WORK ITEM
Restate the data word for word. Leave the pictures out.

==== GIVEN INFORMATION

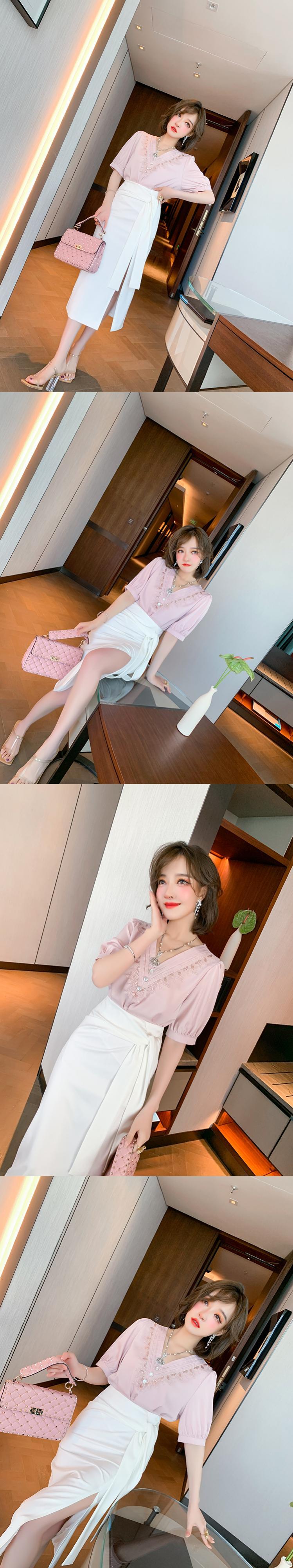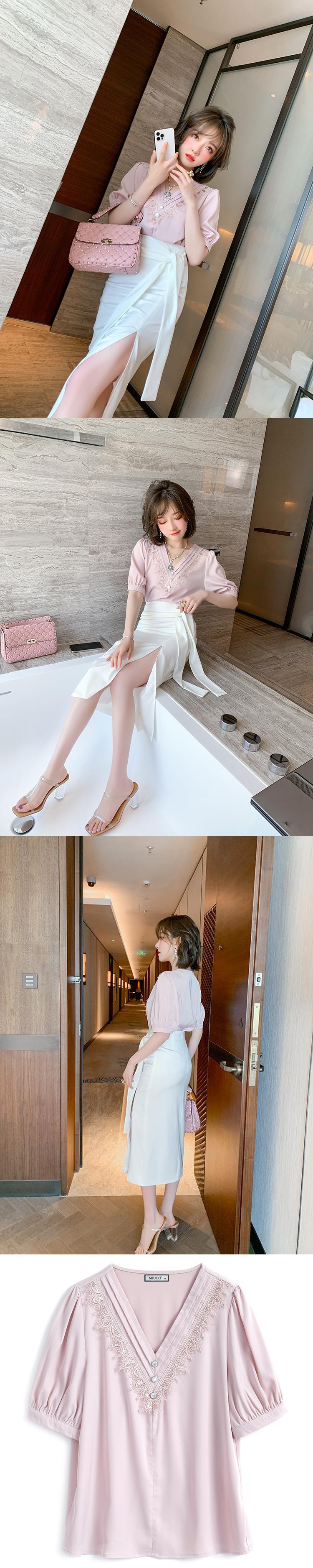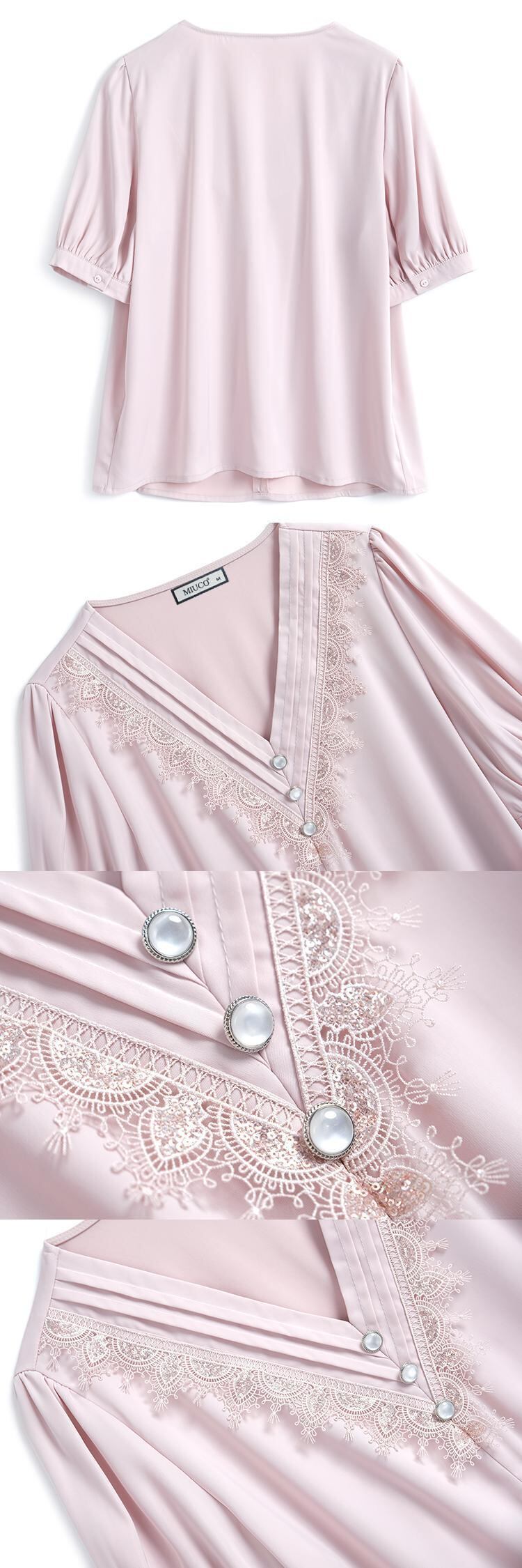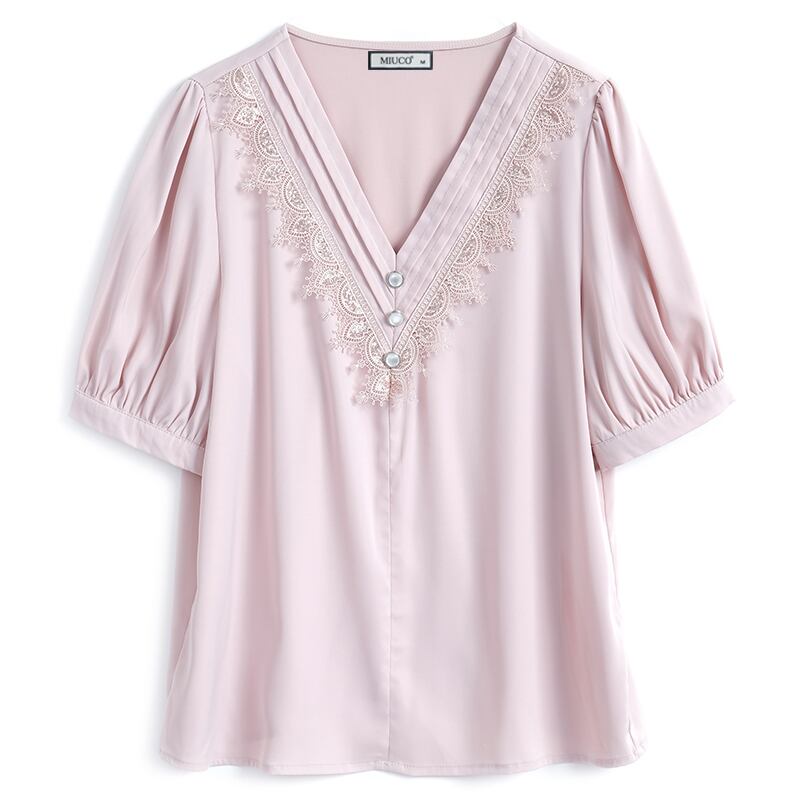 プリーツレースソリッド カラーVネックシャツ サマー 夏物 ソリッドカラー MIUCO23831363565
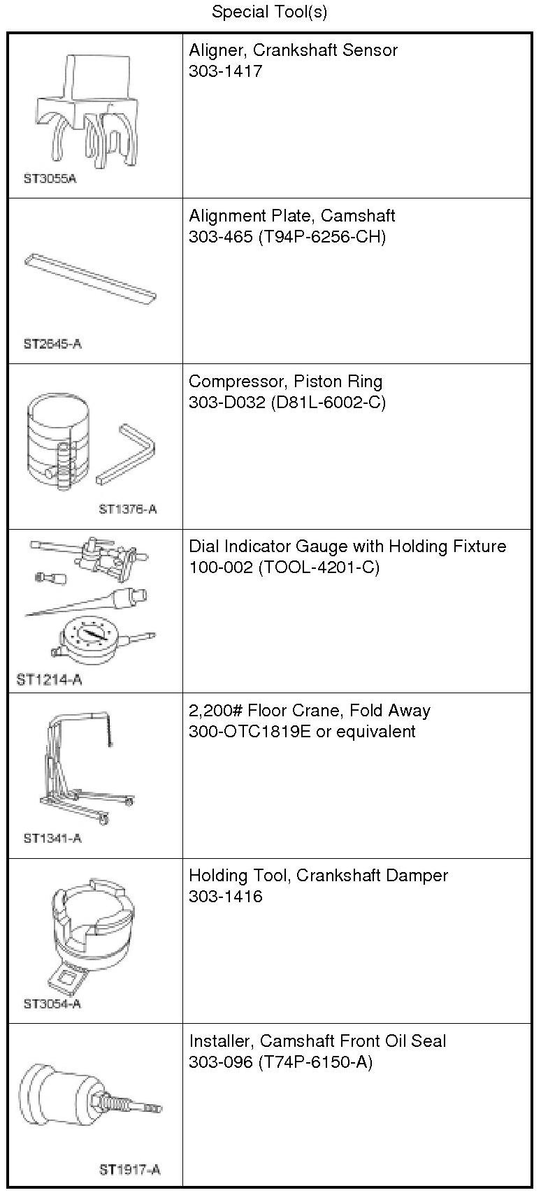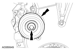 NOTICE: Do not loosen or remove the crankshaft pulley bolt without first installing the special tools as instructed. The crankshaft pulley and the crankshaft timing sprocket are not keyed to the crankshaft. The crankshaft, the crankshaft sprocket and the pulley are fitted together by friction, using diamond washers between the flange faces on each part. For that reason, the crankshaft sprocket is also unfastened if the pulley bolt is loosened. Before any repair requiring loosening or removal of the crankshaft pulley bolt, the crankshaft and camshafts must be locked in place by the special service tools, otherwise severe engine damage can occur.
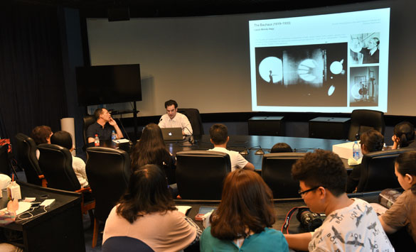 托比亚斯教授和克里斯托弗教授分三个部分进行演讲。第一部分是从新媒体的发展历程中来看新媒体的特性和发展前景。他们指出,正如戏剧是一门综合了文学、美术、音乐、舞蹈、服装等各门类的艺术形式,新媒体也吸收了戏剧、绘画、录音、摄影、摄像、电影、工业设计等各门类艺术的精华,而成为一门独立、包容的艺术门类。第二部分是展示了大量新媒体设计的实例,包括纯粹概念性、会随着人的动作变化和关节的移动来改变的音乐装置作品,通过指尖在触摸屏上的滑动可以在球幕或三维虚拟空间里学习科普知识的智能博物馆、舞台演出和巡回演唱会的互动剧场,可以指引顾客到达所想去的空间的智能机器人,针对苹果、阿迪达斯、宝马等大型企业商业宣传所设计的各种虚拟派对。新媒体可以带给艺术家们更多的创作空间,可以从二维创作衍生到现在三维甚至四维的空间与感知的创作,换一个说法的话就是:新媒体将艺术更加近距离地摆放在了人们的面前,如果再换一个说法的话就是:新媒体为人而诞生。第三部分是新媒体教学理念。托比亚斯教授介绍了三阶段教学法:第一阶段让员工用各种材质来实验单个元素的空间和时间延展性,第二阶段是用新媒体技术就单个元素的空间和时间变化进行试验,第三阶段尝试进行完整的新媒体作品的设计与实践。声情并茂的讲座引发了同学们积极提问的热情。大家围绕新媒体技术与其他艺术样式的相互关系,新媒体设计与艺术情感的交融等问题与两位教授进行了热烈的讨论。
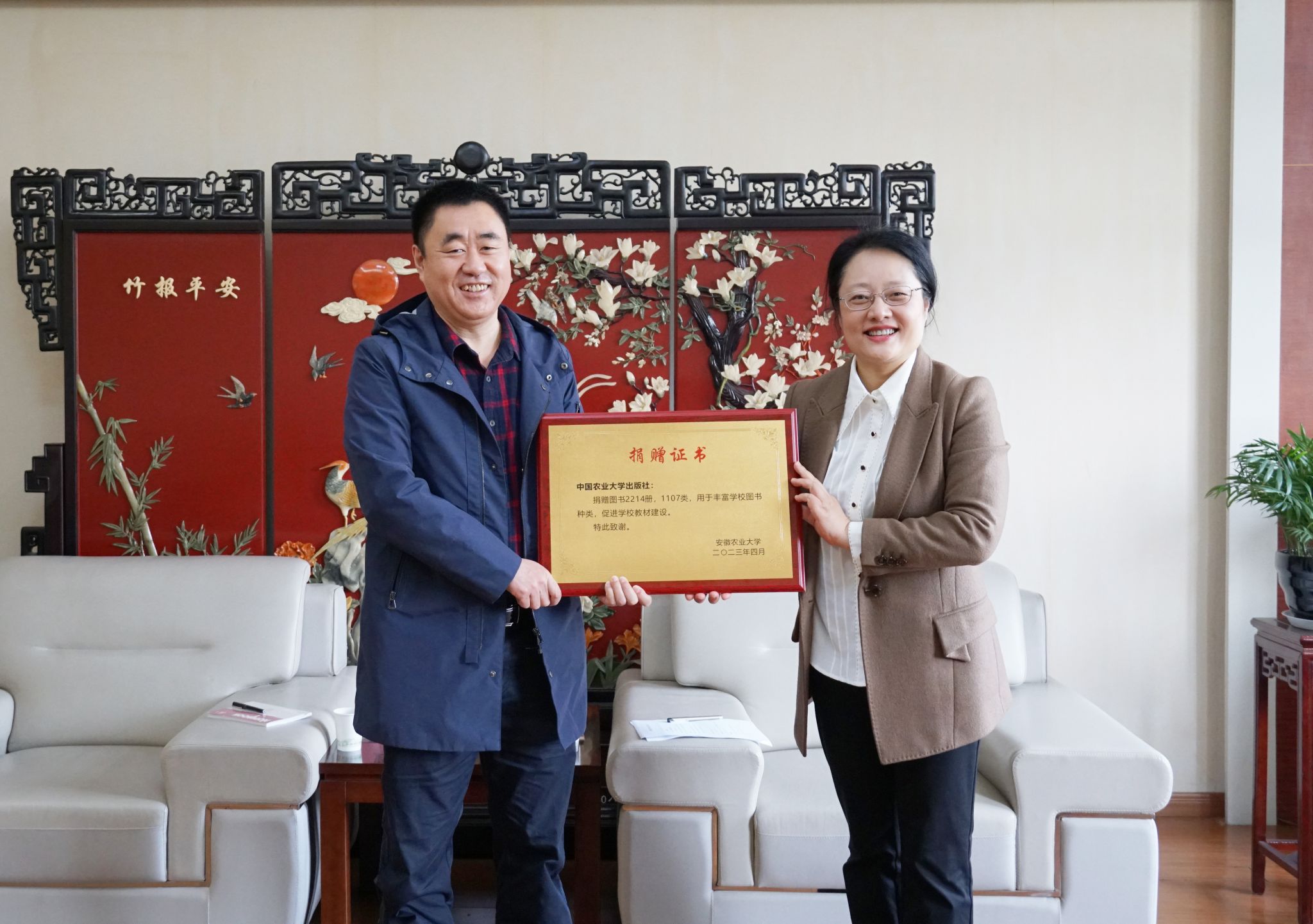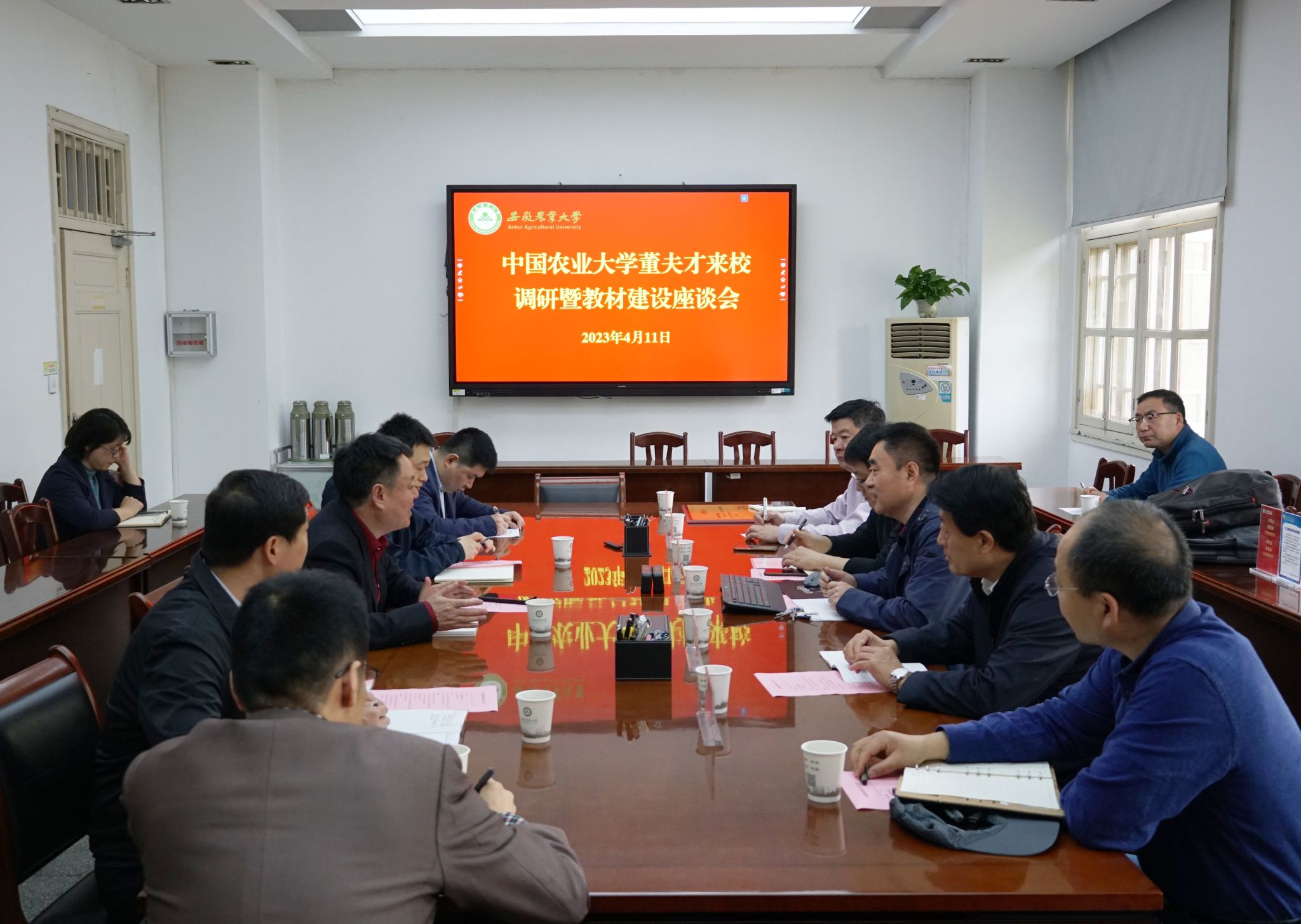 本网讯 4月11日,中国农业大学出版社社长董夫才一行六人来我校交流调研教材建设工作,并向我校捐赠一批图书。校党委常委、副校长李红及有关职能部门负责人出席了捐赠仪式。

========

RESULT OF THE EXERCISE
 プリーツレースソリッド カラーVネックシャツ サマー 夏物 ソリッドカラー MIUCO23831363565
 NOTICE: Do not loosen or remove the crankshaft pulley bolt without first installing the special tools as instructed. The crankshaft pulley and the crankshaft timing sprocket are not keyed to the crankshaft. The crankshaft, the crankshaft sprocket and the pulley are fitted together by friction, using diamond washers between the flange faces on each part. For that reason, the crankshaft sprocket is also unfastened if the pulley bolt is loosened. Before any repair requiring loosening or removal of the crankshaft pulley bolt, the crankshaft and camshafts must be locked in place by the special service tools, otherwise severe engine damage can occur.
 托比亚斯教授和克里斯托弗教授分三个部分进行演讲。第一部分是从新媒体的发展历程中来看新媒体的特性和发展前景。他们指出,正如戏剧是一门综合了文学、美术、音乐、舞蹈、服装等各门类的艺术形式,新媒体也吸收了戏剧、绘画、录音、摄影、摄像、电影、工业设计等各门类艺术的精华,而成为一门独立、包容的艺术门类。第二部分是展示了大量新媒体设计的实例,包括纯粹概念性、会随着人的动作变化和关节的移动来改变的音乐装置作品,通过指尖在触摸屏上的滑动可以在球幕或三维虚拟空间里学习科普知识的智能博物馆、舞台演出和巡回演唱会的互动剧场,可以指引顾客到达所想去的空间的智能机器人,针对苹果、阿迪达斯、宝马等大型企业商业宣传所设计的各种虚拟派对。新媒体可以带给艺术家们更多的创作空间,可以从二维创作衍生到现在三维甚至四维的空间与感知的创作,换一个说法的话就是:新媒体将艺术更加近距离地摆放在了人们的面前,如果再换一个说法的话就是:新媒体为人而诞生。第三部分是新媒体教学理念。托比亚斯教授介绍了三阶段教学法:第一阶段让员工用各种材质来实验单个元素的空间和时间延展性,第二阶段是用新媒体技术就单个元素的空间和时间变化进行试验,第三阶段尝试进行完整的新媒体作品的设计与实践。声情并茂的讲座引发了同学们积极提问的热情。大家围绕新媒体技术与其他艺术样式的相互关系,新媒体设计与艺术情感的交融等问题与两位教授进行了热烈的讨论。
 本网讯 4月11日,中国农业大学出版社社长董夫才一行六人来我校交流调研教材建设工作,并向我校捐赠一批图书。校党委常委、副校长李红及有关职能部门负责人出席了捐赠仪式。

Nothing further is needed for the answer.